The recreational marijuana landscape in Detroit has gotten so bad that Politico had to parachute in for a piece about Black marijuanapreneurs getting skunked by the hold up for a license.

It was almost three years ago that Councilmember James Tate decided to slow walk an ordinance to allow recreational sales in the city with the goal of ensuring longtime Detroiters could benefit from the new business opportunity.
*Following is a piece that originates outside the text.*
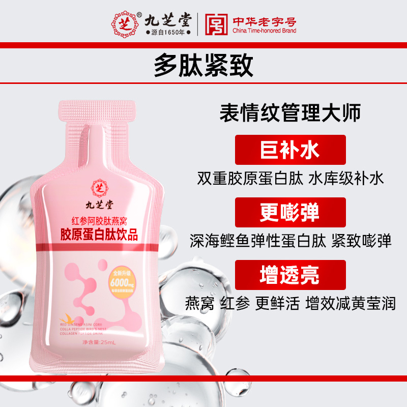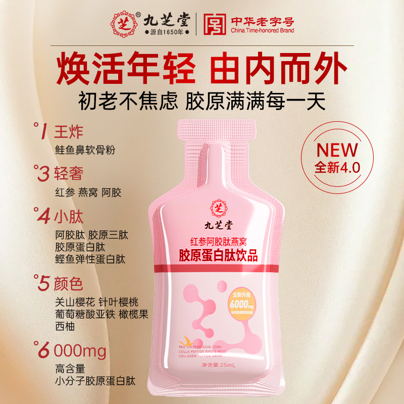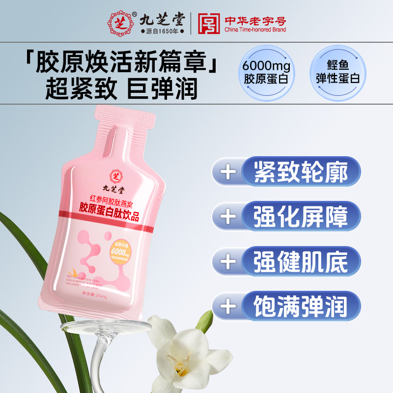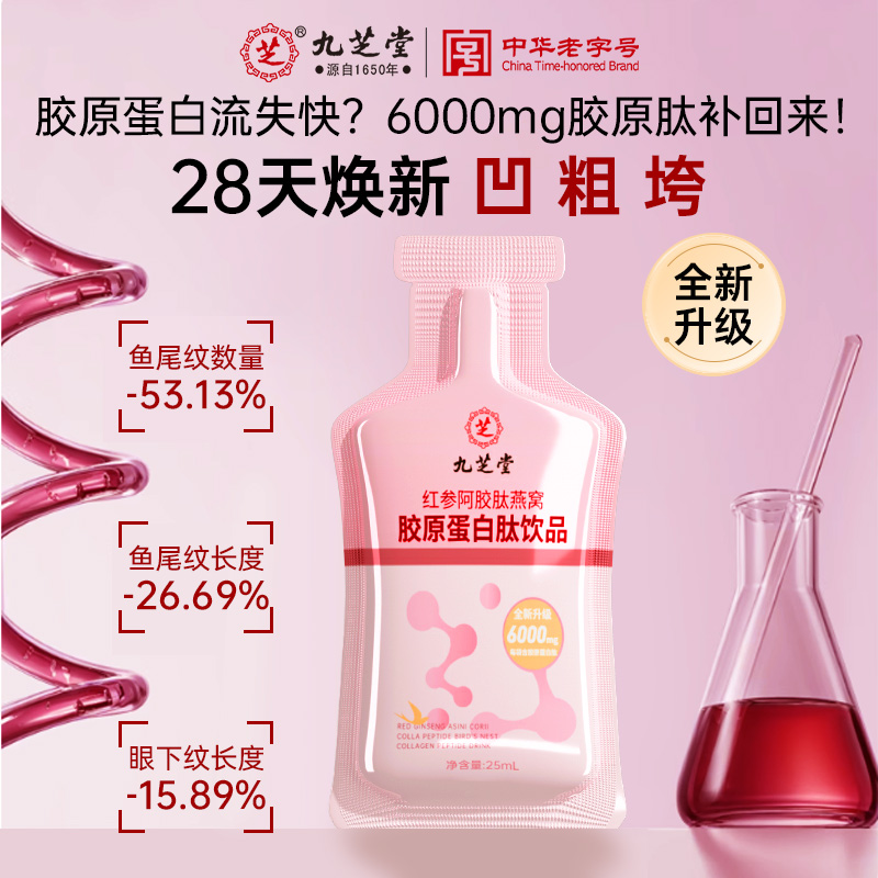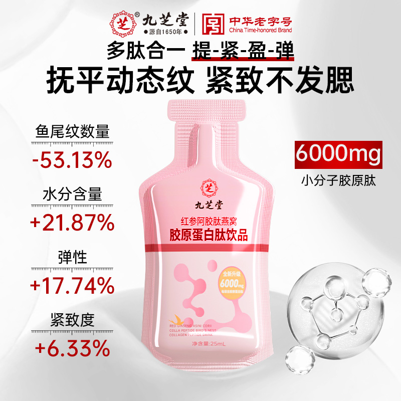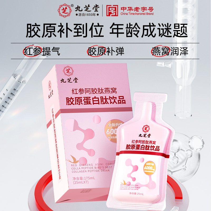 九芝堂-红参阿胶肽燕窝胶原蛋白肽饮品(升级款)175ml(25ml*7袋)
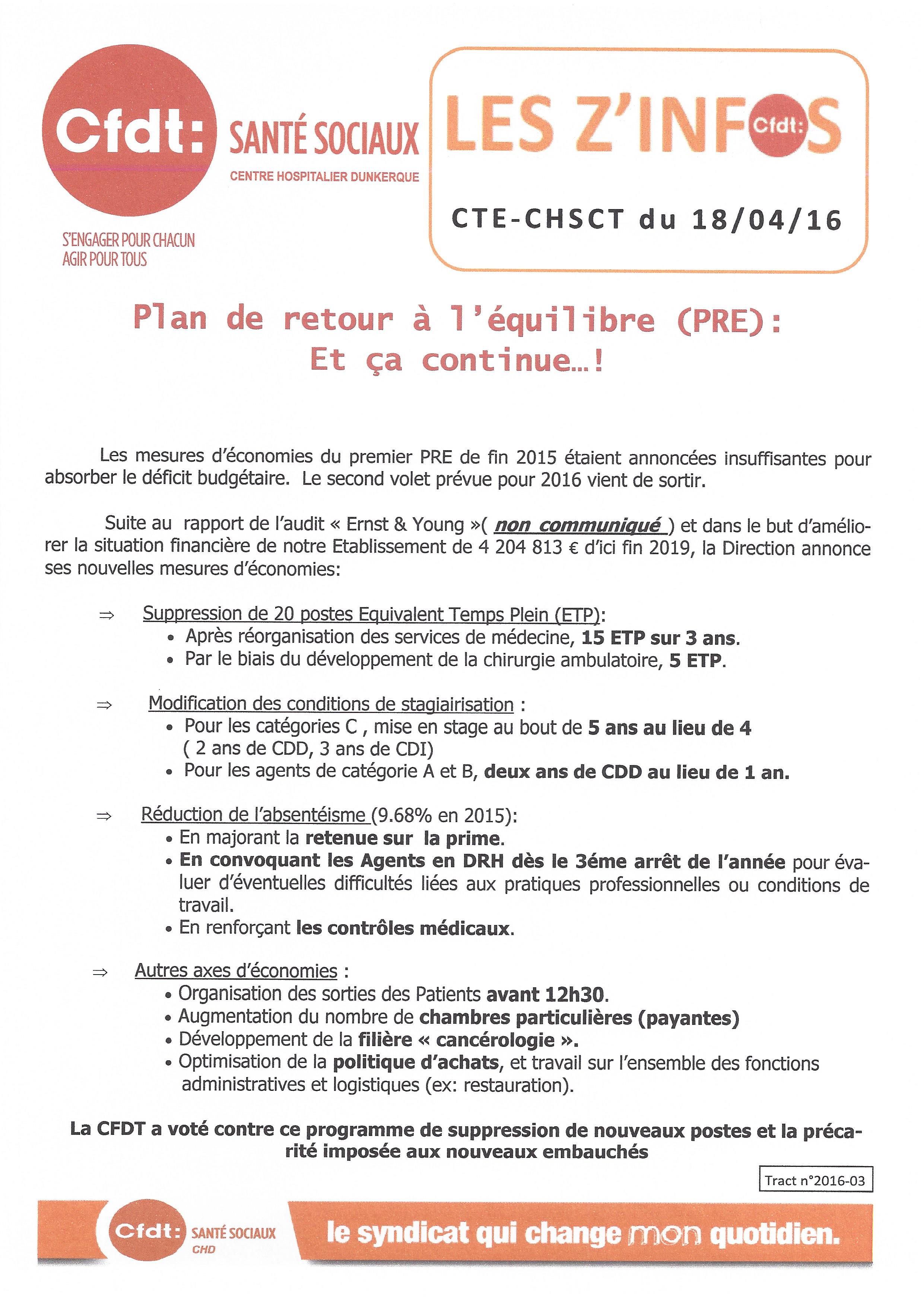 CHD : Plan de retour à l’équilibre (PRE) : Et ça continue… !!!

The goal was to help a population disproportionately hurt by prohibition.

But Politico reports businesses — including at least one Black-owned one — are getting squeezed out by competition in neighboring cities, where recreational marijuana sales are legal and well underway.
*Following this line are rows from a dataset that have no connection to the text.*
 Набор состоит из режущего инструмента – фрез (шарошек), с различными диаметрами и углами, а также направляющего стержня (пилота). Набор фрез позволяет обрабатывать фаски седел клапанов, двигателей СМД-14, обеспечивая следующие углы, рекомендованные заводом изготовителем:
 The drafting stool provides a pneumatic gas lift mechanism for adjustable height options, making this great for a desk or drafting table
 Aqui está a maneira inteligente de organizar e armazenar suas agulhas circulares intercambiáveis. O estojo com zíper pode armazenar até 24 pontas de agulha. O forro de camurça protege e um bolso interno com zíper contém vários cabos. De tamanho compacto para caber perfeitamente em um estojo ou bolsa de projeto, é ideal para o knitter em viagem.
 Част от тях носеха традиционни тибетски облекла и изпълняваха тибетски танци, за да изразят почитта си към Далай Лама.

Kimberly Scott, founder of the Black Cannabis Licensed Business Owners Association of Detroit, had to shut her dispensary, Chronic City, within months of opening in 2021. She'd spent four years trying to open it.

At the time, Scott hoped to be able to quickly transition into the much larger and potentially more profitable recreational market, which Michigan voters had approved back in 2018. She was banking on rules Detroit had passed that would place native Detroiters like Scott at the front of the line for licenses to sell to anyone over 21. But weeks passed — and then months — and the license never came. Unable to sell to anyone who lacked a medical card, Scott told me she would routinely turn away customers — as many as 20 per day — directing them to the recreational shops just a few miles away in Hamtramck, a city of 28,000 where four recreational pot shops have opened in the past two years.

“There were days I didn’t make any money in this place,” Scott told me. “That’s unheard of for selling weed.”

Six months and a couple of break-ins later, Scott locked the front door for good.

Hamtramck, Ferndale, and other suburbs all have recreational dispensaries — meaning customers don't have to jump through the added hoops of obtaining a valid medical card. According to Politico, Detroit's 63 above-board dispensaries can all only sell medical marijuana. That's as recreational revenues statewide jump to $163 million, well above the medical market's $23 million.

While Politico writes that Tate has ultimately created "a still-born market where everyone is failing," the councilmember defends his actions by pointing to the current ownership demographics in the city.

According to the Black Cannabis Licensed Business Owners Association of Detroit, of the city’s more than 60 licensed dispensaries, just 10 are Black-owned, and some of those like Chronic City are no longer in business. (Tate) doesn’t believe entrepreneurs would be better off if the city simply got out of the way and let the market sort out winners and losers.